■ **TASK**:
As the answer, give every line of the records that includes the word "serial".

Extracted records
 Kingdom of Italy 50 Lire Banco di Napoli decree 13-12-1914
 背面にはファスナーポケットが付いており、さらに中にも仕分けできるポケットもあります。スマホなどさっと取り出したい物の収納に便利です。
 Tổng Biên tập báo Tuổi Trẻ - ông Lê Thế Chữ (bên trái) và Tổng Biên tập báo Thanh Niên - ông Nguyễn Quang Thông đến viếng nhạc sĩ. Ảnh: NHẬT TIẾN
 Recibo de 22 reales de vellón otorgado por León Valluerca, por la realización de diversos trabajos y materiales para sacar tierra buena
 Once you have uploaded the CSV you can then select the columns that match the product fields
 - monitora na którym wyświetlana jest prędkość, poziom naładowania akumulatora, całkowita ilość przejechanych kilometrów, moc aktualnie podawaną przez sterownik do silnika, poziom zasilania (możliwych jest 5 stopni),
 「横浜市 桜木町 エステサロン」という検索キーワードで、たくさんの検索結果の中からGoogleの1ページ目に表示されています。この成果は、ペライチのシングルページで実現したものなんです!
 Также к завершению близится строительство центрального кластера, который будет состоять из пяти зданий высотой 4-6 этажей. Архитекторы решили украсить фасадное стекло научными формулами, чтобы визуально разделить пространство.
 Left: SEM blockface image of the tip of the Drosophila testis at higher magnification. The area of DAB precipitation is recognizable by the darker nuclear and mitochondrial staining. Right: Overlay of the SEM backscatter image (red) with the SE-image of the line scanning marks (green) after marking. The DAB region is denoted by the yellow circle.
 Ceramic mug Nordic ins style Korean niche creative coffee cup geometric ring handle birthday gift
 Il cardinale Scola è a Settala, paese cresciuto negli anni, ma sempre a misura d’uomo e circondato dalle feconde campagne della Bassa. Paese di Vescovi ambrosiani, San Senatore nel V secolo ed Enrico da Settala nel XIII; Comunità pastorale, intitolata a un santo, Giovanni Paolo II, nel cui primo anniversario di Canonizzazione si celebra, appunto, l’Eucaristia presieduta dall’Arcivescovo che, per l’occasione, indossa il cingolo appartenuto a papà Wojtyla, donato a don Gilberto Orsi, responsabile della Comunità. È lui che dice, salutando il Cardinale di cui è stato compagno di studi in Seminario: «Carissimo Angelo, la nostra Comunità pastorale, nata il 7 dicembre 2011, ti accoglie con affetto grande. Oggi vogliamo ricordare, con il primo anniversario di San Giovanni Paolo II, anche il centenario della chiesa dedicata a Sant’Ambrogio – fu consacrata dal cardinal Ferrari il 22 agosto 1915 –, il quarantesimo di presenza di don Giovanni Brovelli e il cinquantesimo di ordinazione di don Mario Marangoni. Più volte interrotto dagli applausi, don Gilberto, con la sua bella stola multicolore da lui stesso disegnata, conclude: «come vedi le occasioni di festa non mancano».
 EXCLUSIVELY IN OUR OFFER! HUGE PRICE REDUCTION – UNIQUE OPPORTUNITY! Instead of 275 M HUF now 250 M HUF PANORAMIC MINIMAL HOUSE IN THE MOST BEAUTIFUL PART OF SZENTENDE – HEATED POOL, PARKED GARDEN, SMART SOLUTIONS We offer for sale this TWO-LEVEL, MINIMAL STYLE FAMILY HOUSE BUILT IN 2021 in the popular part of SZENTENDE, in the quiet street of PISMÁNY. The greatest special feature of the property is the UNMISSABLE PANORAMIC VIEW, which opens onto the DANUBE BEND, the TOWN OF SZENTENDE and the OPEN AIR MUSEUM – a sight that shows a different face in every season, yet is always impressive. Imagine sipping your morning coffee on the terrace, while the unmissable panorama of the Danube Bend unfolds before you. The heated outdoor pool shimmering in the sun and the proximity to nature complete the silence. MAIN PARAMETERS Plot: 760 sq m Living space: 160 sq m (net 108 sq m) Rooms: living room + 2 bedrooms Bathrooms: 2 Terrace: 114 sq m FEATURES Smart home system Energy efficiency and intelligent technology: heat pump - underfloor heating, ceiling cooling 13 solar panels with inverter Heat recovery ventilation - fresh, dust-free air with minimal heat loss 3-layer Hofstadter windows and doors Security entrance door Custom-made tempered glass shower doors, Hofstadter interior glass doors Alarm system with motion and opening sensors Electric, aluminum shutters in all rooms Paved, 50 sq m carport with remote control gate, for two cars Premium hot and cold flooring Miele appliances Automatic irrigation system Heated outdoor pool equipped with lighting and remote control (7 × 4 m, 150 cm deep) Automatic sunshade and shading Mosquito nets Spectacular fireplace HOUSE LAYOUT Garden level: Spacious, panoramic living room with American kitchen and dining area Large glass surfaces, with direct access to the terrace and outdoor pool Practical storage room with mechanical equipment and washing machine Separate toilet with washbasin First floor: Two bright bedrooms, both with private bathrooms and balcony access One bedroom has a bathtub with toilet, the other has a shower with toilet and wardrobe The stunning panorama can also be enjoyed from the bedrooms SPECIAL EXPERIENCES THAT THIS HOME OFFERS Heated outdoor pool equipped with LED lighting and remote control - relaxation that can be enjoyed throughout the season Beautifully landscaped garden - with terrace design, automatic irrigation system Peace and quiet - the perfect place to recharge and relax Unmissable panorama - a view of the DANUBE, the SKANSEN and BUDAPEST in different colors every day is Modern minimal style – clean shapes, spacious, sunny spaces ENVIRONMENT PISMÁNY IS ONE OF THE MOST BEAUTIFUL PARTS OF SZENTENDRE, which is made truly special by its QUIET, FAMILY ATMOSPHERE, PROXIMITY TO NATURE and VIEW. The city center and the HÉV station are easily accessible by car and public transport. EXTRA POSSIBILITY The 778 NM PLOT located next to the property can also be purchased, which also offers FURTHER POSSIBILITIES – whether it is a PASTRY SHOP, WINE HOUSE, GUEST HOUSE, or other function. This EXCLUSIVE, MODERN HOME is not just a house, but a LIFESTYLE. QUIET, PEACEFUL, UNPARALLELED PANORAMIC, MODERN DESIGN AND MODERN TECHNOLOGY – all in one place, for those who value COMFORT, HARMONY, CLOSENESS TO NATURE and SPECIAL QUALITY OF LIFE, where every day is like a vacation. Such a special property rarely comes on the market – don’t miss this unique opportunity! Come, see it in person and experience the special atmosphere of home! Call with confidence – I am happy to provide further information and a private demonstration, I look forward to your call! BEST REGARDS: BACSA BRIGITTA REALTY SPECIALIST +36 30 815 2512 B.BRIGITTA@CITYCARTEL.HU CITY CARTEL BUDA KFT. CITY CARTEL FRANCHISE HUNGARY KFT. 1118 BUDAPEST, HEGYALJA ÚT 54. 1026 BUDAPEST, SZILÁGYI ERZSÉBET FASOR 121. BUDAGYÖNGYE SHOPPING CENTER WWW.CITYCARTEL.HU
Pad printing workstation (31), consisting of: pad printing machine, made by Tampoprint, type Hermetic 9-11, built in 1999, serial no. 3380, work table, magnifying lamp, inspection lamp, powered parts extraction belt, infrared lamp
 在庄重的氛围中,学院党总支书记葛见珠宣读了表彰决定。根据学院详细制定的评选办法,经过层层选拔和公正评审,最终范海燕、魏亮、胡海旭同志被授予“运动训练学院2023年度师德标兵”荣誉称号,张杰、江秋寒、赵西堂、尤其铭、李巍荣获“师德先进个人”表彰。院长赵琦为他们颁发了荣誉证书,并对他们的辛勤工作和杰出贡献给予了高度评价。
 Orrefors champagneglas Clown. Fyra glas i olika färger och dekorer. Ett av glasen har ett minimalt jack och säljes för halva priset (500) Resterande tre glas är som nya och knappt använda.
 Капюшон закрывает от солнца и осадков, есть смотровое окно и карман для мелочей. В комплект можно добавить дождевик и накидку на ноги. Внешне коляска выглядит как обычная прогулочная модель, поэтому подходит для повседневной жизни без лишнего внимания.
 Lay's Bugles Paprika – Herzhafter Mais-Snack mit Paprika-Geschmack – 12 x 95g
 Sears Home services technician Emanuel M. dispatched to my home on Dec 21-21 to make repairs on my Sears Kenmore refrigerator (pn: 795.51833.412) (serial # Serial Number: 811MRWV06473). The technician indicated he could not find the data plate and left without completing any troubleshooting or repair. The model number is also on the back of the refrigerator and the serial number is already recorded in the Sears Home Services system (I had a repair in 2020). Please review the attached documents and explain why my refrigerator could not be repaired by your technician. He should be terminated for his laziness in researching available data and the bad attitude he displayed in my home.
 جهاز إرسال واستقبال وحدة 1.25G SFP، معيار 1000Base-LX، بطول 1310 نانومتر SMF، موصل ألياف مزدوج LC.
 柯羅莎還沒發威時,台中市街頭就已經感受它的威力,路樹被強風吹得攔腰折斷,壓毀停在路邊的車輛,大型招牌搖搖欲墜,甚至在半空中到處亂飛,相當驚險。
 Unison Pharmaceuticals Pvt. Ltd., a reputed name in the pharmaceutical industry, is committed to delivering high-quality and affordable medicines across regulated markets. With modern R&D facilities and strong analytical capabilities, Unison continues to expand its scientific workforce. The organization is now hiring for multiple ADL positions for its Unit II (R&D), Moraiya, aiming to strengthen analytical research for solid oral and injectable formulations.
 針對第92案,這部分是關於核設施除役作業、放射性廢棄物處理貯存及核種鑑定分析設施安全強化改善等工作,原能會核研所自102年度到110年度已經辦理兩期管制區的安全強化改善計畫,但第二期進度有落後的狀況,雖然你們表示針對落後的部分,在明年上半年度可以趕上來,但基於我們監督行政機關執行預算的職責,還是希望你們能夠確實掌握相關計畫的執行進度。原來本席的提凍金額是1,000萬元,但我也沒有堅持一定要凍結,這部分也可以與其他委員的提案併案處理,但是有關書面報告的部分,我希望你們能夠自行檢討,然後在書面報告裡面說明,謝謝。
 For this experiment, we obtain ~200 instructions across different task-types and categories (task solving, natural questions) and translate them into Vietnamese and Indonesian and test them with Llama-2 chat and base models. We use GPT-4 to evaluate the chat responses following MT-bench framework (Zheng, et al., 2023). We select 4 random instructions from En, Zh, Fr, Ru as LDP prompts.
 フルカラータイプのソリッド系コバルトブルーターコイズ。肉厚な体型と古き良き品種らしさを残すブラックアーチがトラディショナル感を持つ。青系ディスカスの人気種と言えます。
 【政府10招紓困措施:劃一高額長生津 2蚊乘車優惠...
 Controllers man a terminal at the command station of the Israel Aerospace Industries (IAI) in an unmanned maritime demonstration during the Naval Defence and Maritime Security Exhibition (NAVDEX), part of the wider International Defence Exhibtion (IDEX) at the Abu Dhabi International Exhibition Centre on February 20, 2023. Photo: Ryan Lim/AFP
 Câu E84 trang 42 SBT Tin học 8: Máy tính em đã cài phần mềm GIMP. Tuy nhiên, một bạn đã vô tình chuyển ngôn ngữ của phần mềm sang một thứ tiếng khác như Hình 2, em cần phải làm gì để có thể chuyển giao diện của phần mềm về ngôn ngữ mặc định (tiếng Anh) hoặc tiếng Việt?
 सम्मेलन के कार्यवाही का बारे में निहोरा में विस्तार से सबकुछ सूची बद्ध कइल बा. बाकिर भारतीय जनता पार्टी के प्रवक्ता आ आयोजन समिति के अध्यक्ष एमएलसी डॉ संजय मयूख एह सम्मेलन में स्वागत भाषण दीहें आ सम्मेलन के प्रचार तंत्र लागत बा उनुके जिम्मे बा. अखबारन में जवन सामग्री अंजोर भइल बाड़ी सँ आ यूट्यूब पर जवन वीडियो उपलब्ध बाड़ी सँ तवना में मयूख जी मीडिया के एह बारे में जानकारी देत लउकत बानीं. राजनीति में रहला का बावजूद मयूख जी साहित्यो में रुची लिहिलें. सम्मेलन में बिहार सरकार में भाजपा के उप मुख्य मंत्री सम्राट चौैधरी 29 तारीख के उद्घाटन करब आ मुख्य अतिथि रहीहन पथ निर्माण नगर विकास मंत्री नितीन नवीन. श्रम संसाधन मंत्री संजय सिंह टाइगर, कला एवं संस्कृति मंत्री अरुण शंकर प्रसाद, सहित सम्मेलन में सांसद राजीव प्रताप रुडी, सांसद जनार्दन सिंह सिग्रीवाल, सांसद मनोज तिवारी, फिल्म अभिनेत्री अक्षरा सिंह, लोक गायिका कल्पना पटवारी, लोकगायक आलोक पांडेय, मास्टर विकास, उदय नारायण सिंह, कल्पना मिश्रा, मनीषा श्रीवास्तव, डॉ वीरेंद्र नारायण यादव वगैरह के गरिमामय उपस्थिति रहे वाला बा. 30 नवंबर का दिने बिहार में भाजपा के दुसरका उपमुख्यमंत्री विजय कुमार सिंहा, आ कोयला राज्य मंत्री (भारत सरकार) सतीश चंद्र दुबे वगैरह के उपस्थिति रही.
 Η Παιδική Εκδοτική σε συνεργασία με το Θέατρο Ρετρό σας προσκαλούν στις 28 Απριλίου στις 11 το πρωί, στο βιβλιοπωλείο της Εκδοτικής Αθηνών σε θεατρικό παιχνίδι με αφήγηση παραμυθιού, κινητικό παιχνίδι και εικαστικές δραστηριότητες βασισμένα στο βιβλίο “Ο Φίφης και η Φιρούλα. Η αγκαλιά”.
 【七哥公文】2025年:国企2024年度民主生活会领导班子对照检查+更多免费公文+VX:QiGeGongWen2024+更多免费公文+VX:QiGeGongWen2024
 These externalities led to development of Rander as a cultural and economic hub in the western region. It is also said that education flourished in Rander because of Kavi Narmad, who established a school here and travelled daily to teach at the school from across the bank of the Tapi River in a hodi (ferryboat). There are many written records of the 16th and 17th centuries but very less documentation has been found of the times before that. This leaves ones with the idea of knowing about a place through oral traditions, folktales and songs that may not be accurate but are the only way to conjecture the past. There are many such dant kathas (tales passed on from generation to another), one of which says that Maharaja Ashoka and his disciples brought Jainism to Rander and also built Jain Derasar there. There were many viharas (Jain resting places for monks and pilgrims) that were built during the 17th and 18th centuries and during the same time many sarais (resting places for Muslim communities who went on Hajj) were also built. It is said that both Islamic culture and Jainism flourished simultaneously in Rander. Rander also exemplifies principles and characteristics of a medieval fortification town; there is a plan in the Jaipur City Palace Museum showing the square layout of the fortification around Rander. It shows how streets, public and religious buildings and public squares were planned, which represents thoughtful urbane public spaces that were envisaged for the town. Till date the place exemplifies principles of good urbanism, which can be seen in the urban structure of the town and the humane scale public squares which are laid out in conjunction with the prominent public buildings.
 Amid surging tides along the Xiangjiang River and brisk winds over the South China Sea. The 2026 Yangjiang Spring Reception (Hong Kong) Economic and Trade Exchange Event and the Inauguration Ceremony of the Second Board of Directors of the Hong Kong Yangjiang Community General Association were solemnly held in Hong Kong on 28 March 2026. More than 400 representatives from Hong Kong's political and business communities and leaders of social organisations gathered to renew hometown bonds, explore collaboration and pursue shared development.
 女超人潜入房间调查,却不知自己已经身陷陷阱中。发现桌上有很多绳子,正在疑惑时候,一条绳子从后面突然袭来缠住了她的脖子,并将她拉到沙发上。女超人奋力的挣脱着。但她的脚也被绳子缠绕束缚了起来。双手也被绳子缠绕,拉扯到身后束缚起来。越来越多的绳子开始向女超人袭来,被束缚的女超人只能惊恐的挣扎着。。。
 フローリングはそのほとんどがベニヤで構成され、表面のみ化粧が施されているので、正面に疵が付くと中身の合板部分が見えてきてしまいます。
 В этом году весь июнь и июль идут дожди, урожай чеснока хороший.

■ **REPLY**:
Pad printing workstation (31), consisting of: pad printing machine, made by Tampoprint, type Hermetic 9-11, built in 1999, serial no. 3380, work table, magnifying lamp, inspection lamp, powered parts extraction belt, infrared lamp
 Sears Home services technician Emanuel M. dispatched to my home on Dec 21-21 to make repairs on my Sears Kenmore refrigerator (pn: 795.51833.412) (serial # Serial Number: 811MRWV06473). The technician indicated he could not find the data plate and left without completing any troubleshooting or repair. The model number is also on the back of the refrigerator and the serial number is already recorded in the Sears Home Services system (I had a repair in 2020). Please review the attached documents and explain why my refrigerator could not be repaired by your technician. He should be terminated for his laziness in researching available data and the bad attitude he displayed in my home.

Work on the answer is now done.